Records for this exercise →
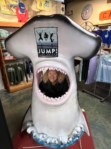 A tourist looking out the mouth of a fake hammerhead shark in a gift shop in Oak Bluffs.
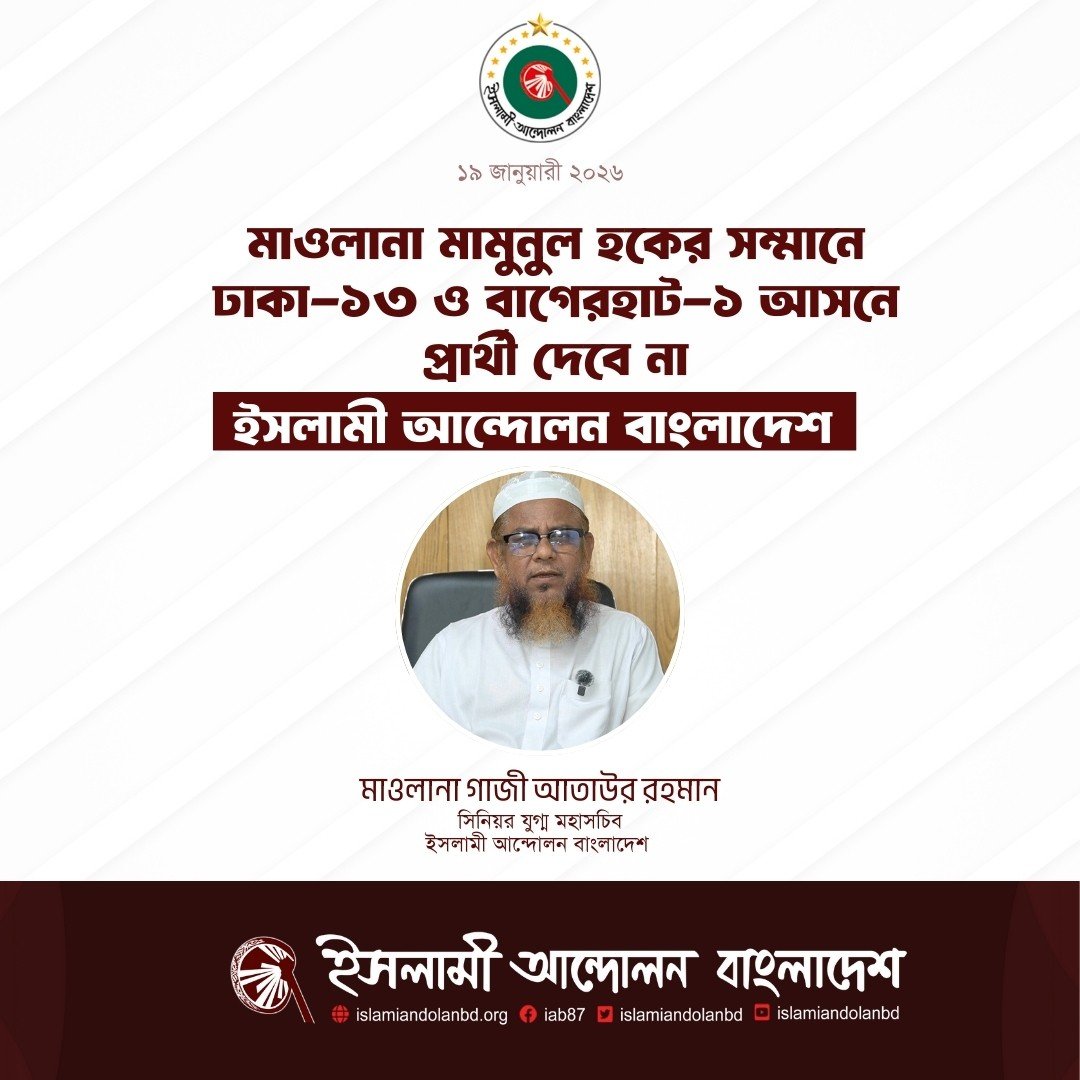 ইসলামী আন্দোলন বাংলাদেশের যুগ্ম মহাসচিব ও দলীয় মুখপাত্র মাওলানা গাজী আতাউর রহমান আজ এক বিবৃতিতে
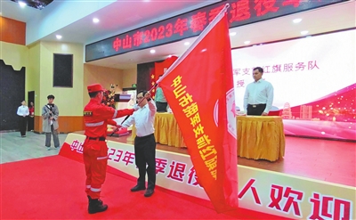 中山市人民政府副市長曾奕給中山市擁軍支前紅旗服務隊授旗。      楊啟寧 攝
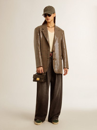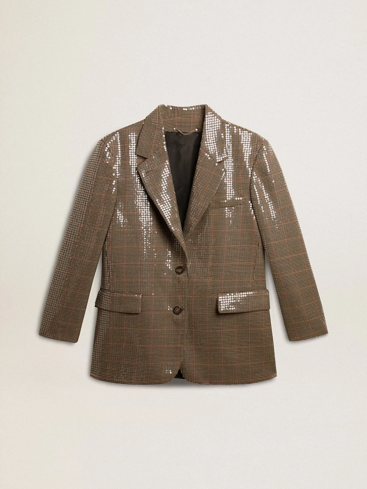 A love story to our home, Marghera. Where everything began. Our latest collection reflects the spirit of our birthplace, its contrasts, industrial soul, and manufacturing landscapes, weaving together inspirations from both the vibrant energy of workwear and the refined essence of traditional tailoring. In a houndstooth pattern, this women's boyfriend fit jacket features all-over sequin embroidery. The logoed jacquard viscose lining adds the finishing touch. DETAILS Item No. GWP01890.P001621.82699 - Journey Collection - Color: beige, black and red - Double star on the back - Boyfriend fit - Three front pockets - All-over sequins - Logoed horn button fastening - Main material: 100% wool - Lining material: 100% viscose - Pocket lining: 100% cotton - Made in Italy The model is 177 cm tall and is wearing a size 40.
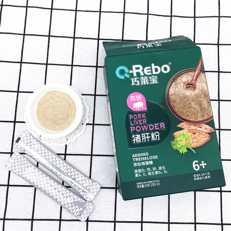 Qiaolaibao baby pig liver powder 50g boxed small bag mixed liver powder 2gX25 bags
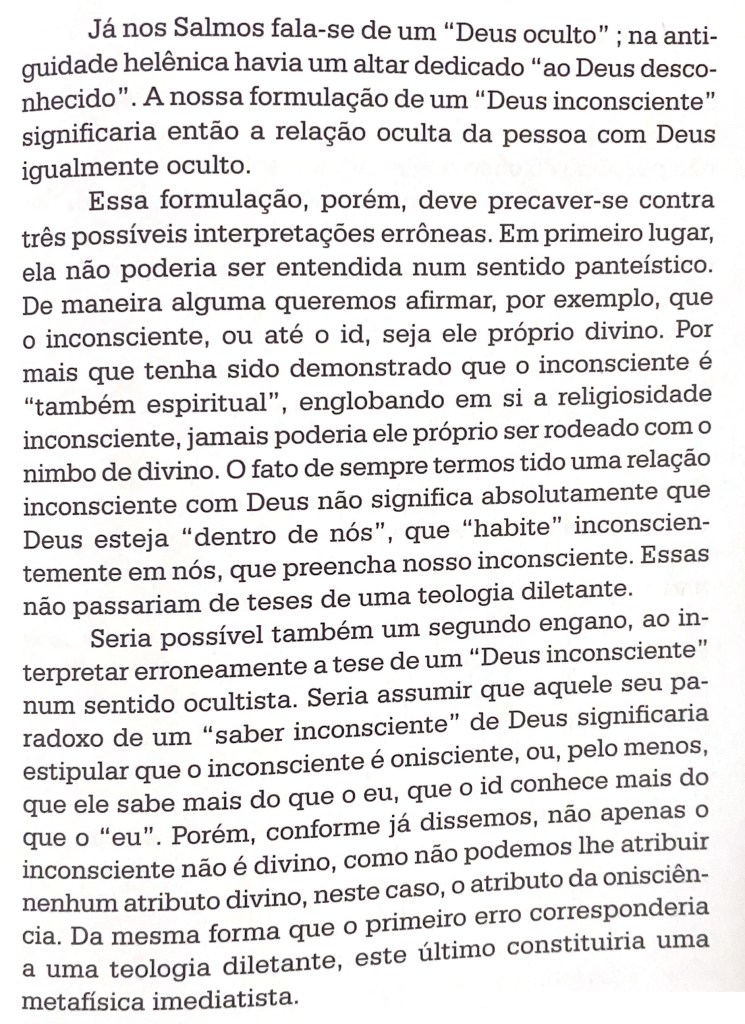 Talvez a saída seja apenas mística, ou teológica, no amparo do conceito de Mistério. Mas este, obviamente, não pode entrar em linha de conta de uma psicologia.
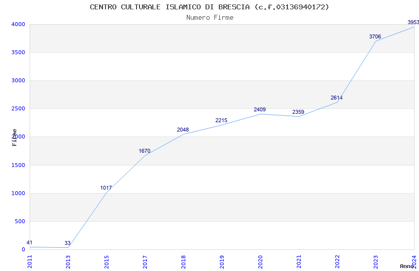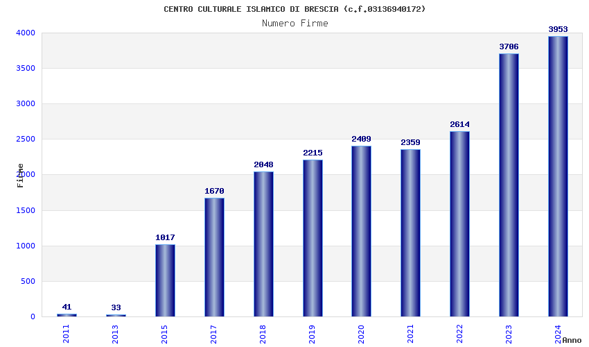 | Anno | Firme | Importi | Media | Naz. | Reg. | Prov. | Comu. |
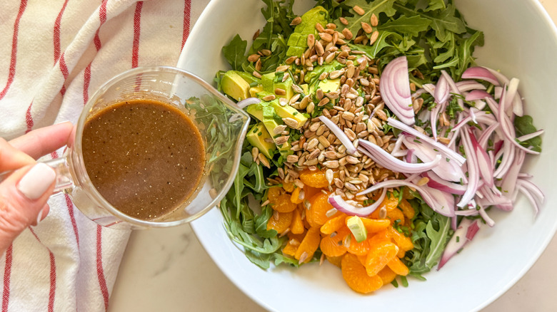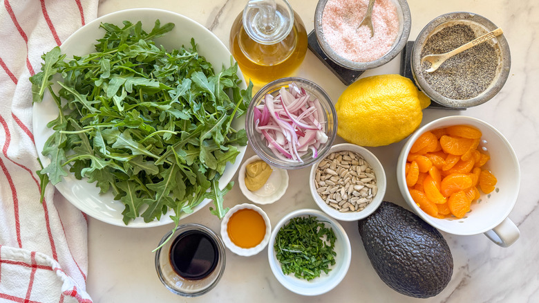 - Add the arugula, red onion, chopped chives, mandarin oranges, avocado, and toasted sunflower seeds to a large bowl.
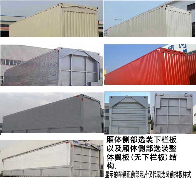 | 备注 | 该车为翼开启式,顶部封闭不可开启,顶板与侧翼板连接,侧翼板可开启;厢体侧部选装下栏板以及厢体侧部选装整体翼板(无下栏板)结构,选装前挡板样式,选装后尾样式及后雾灯形状为圆形样式,选装后牌照板安装位置,当车长(mm)为13500,13000时车辆前端无倒角;选装引起整备质量参数的变化在3%之内;箱板竖瓦楞个数和箱板撑个数不受限制,工具箱位置不受限制.ABS系统厂家为梁山海纳电子科技发展有限公司,型号为HNABS4S/4M;侧后防护装置材料均为Q235B,侧后防护装置与车架连接方式均为焊接,后防护装置断面尺寸为140×55mm,离地高度为440mm. | ||

Work instruction → Copy the whole listing exactly, excluding the pictures in it.

Answer area →
 A tourist looking out the mouth of a fake hammerhead shark in a gift shop in Oak Bluffs.
 ইসলামী আন্দোলন বাংলাদেশের যুগ্ম মহাসচিব ও দলীয় মুখপাত্র মাওলানা গাজী আতাউর রহমান আজ এক বিবৃতিতে
 中山市人民政府副市長曾奕給中山市擁軍支前紅旗服務隊授旗。      楊啟寧 攝
 A love story to our home, Marghera. Where everything began. Our latest collection reflects the spirit of our birthplace, its contrasts, industrial soul, and manufacturing landscapes, weaving together inspirations from both the vibrant energy of workwear and the refined essence of traditional tailoring. In a houndstooth pattern, this women's boyfriend fit jacket features all-over sequin embroidery. The logoed jacquard viscose lining adds the finishing touch. DETAILS Item No. GWP01890.P001621.82699 - Journey Collection - Color: beige, black and red - Double star on the back - Boyfriend fit - Three front pockets - All-over sequins - Logoed horn button fastening - Main material: 100% wool - Lining material: 100% viscose - Pocket lining: 100% cotton - Made in Italy The model is 177 cm tall and is wearing a size 40.
 Qiaolaibao baby pig liver powder 50g boxed small bag mixed liver powder 2gX25 bags
 Talvez a saída seja apenas mística, ou teológica, no amparo do conceito de Mistério. Mas este, obviamente, não pode entrar em linha de conta de uma psicologia.
 | Anno | Firme | Importi | Media | Naz. | Reg. | Prov. | Comu. |
 - Add the arugula, red onion, chopped chives, mandarin oranges, avocado, and toasted sunflower seeds to a large bowl.
 | 备注 | 该车为翼开启式,顶部封闭不可开启,顶板与侧翼板连接,侧翼板可开启;厢体侧部选装下栏板以及厢体侧部选装整体翼板(无下栏板)结构,选装前挡板样式,选装后尾样式及后雾灯形状为圆形样式,选装后牌照板安装位置,当车长(mm)为13500,13000时车辆前端无倒角;选装引起整备质量参数的变化在3%之内;箱板竖瓦楞个数和箱板撑个数不受限制,工具箱位置不受限制.ABS系统厂家为梁山海纳电子科技发展有限公司,型号为HNABS4S/4M;侧后防护装置材料均为Q235B,侧后防护装置与车架连接方式均为焊接,后防护装置断面尺寸为140×55mm,离地高度为440mm. | ||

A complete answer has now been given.